Heads swivel. Someone screams. Three strangers, two men, one girl, rush to help. Even the guy who’s knocked her down gets up and limps over, leaving all that vintage machinery splayed on the road without a glance.

This is all surreal.

Swatting kind hands away, Jesse levers to her knees, stands, and wobbles as she smooths her skirt,

“No, I’m fine. Really. This?” Her pretty blouse is a bit ripped at the front. Well, a lot ripped. She pulls the jacket closed, but moving her right arm hurts. “No, really, it’s nothing. Thanks. Truthfully, all’s well. I just didn’t see.”

The bag!
Panicked, she tries to find it. Gutter. Footpath. “My shoulder bag? Has anyone seen my—”

The guy who took her down looks even more embarrassed. He almost points, but clears his throat instead.

There it is, still on the
other
shoulder. “I just need to be—that is . . .”
Somewhere
, anywhere, out of this.

Jesse takes the piece of paper he offers. The guy’s scribbled an address and his name on the back of, what? A butcher’s bill.

“George, is it? Thanks. I mean, that is, you’re very kind. It was my fault.” She can feel her face hitch up in a grin.

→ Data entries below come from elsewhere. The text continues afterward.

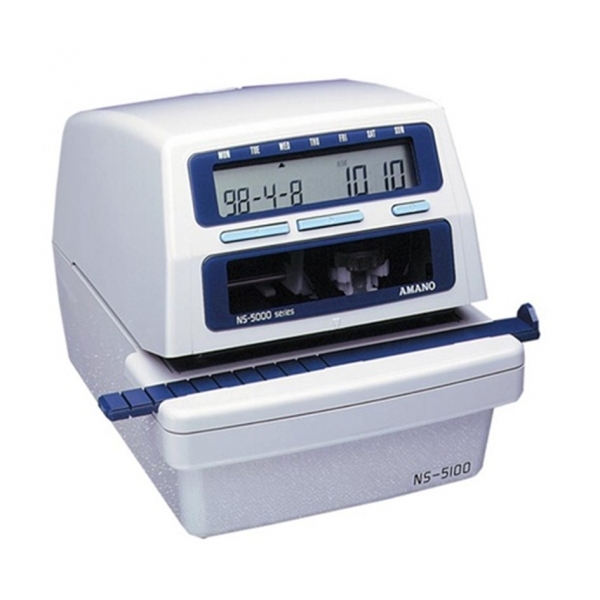Amano NS-5100 is a heavy duty electronic stamp that will print any combination of time, date and number. This machine is fully programmable for custom print size, characters, and numbers. Features include adjustable print position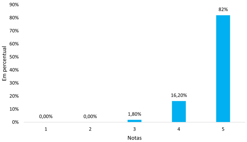 A maioria dos respondentes concordou com a afirmação de que o posicionamento de marca gera impacto importante na criação de diferenciais percebidos pelos consumidores. Sobre esse tema, 82% (91 pessoas) atribuíram nota 5, o que indica forte concordância com a ideia. Já 16,2% (18 pessoas) deram nota 4, com concordância menos enfática. Apenas 1,8% (2 pessoas) foram neutras (nota 3) e ninguém discordou (notas 1 e 2).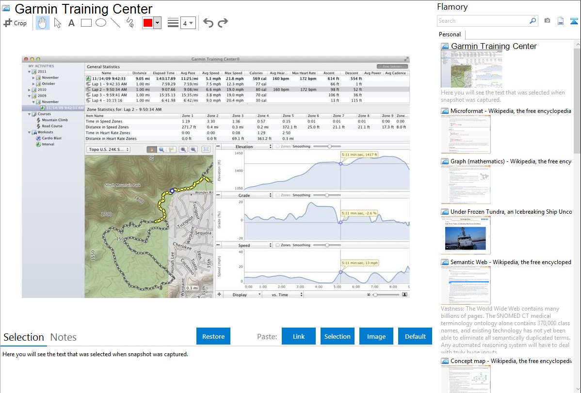 Flamory helps you capture and store screenshots from Garmin Training Center by pressing a single hotkey. It will be saved to a history, so you can continue doing your tasks without interruptions. Later, you can edit the screenshot: crop, resize, add labels and highlights. After that, you can paste the screenshot into any other document or e-mail message.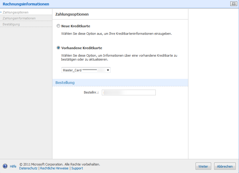 Die häufigste Bezahlmethode für die Microsoft Online Services ist die Kreditkarte. Wie kann diese Bezahlmethode aktualisiert werden?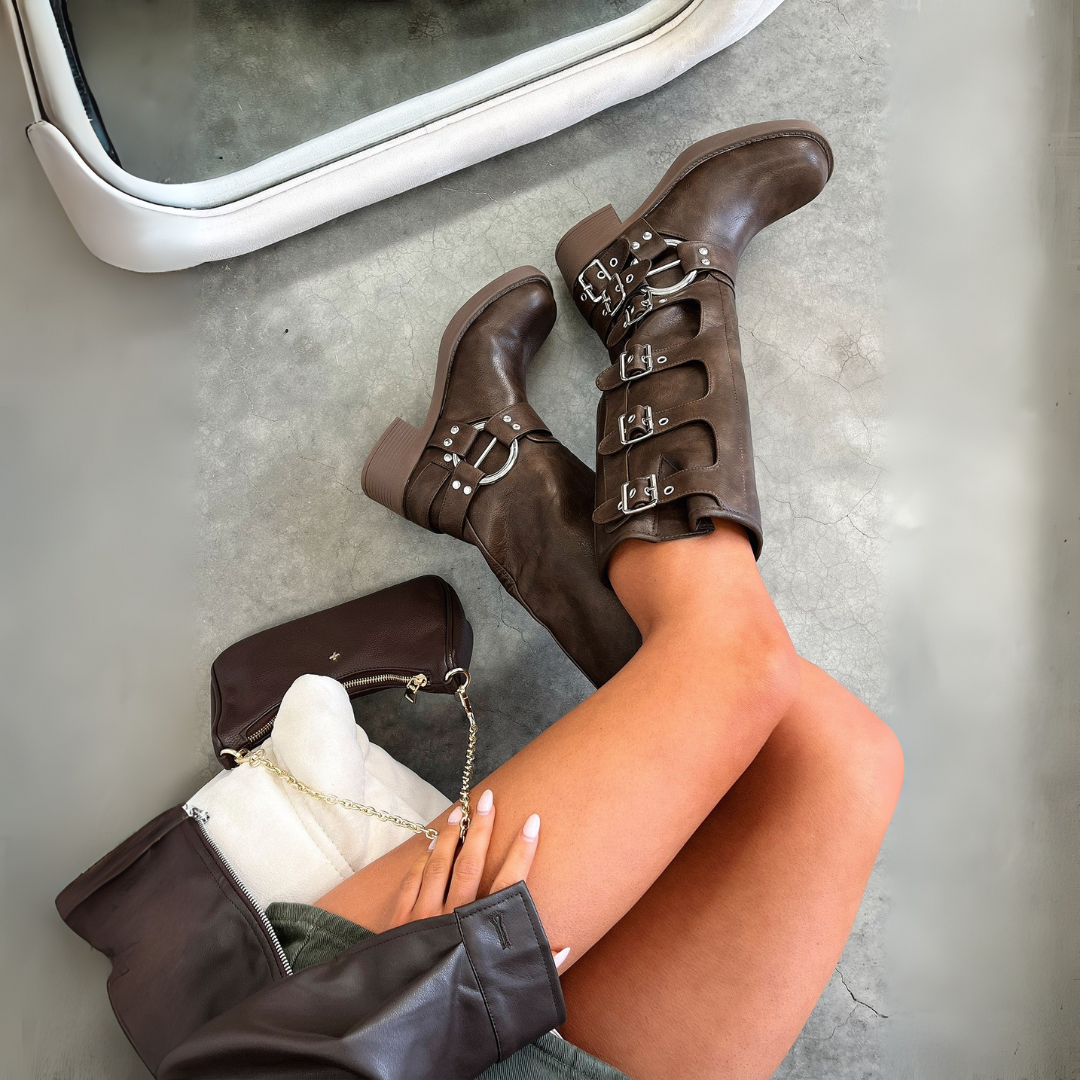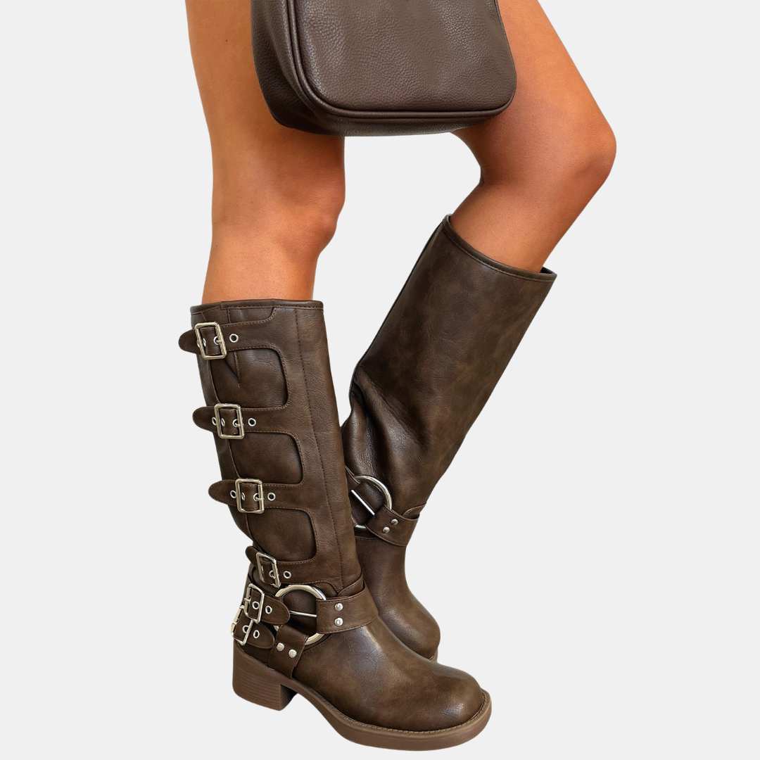 GripLine Dameslaarzen – Hoog Model met Stevige Profielzool

That confuses the poor man, but Jesse doesn’t offer him her name. And she doesn’t have an address; just the hostel, and she’s only staying there for one more night.

“That’s my bus.” It isn’t, but it’s stopping and at least she knows the name on the front: Smithfield. Jesse half runs, to the
extent she can. And lurches up the steps as the front door sighs open.

“Ticket?”

“What?”

“Where’s your ticket, love?” The black driver is a patient man but it’s lunchtime.

Her right shoulder hurts now, as well as her arm, so Jesse scrabbles with her left hand in the bag. “It’s here somewhere.” She’s so close to crying when she hands it over.

The man clips her pass, and Jesse stumbles along the deck as the bus takes off. There’s an empty seat by the back door and, wincing, she swings herself into it, left hand on the pole.

Where is she going, really?

Away. That’s all. Away from this place to another one.

But the old bus bumps over a broken road near Smithfield Market, more pothole and rut than street, and Jesse pings the bell. Enough!

She stands alone among another crowd as the bus growls away from the curb.

And starts to walk. There’s a hospital around here; maybe she should get her arm checked. Or, not so much her arm but her shoulder, though it’ll cost money she doesn’t have.

No. Can’t be done.

There’s a secret in this busy street, and Jesse finds it though she doesn’t know she’s looking. Maybe the entrance is deliberately hard to spot and that’s why she almost walks past. Almost. But she stops when she sees the sign to St. Bartholomew the Great. A garden is on the other side of an open, ancient door, a place of green leaves and soft light. And there’s an empty bench to sit on. Maybe she’ll just catch her breath, only for a moment.

Nearly a thousand years old, this church: that’s what the sign says. That’s around how old Jesse feels. Her head’s aching and her right shoulder—well, it doesn’t feel much like a shoulder. It feels like a thing that’s all about misery.

Like an old woman, she walks the path between the graves, makes it to the seat, and sits. She’s not Zen enough to ignore her shoulder; it hit the ground first and the throb in the joint is a half-heard drum.

Can she will the pain away? She tries.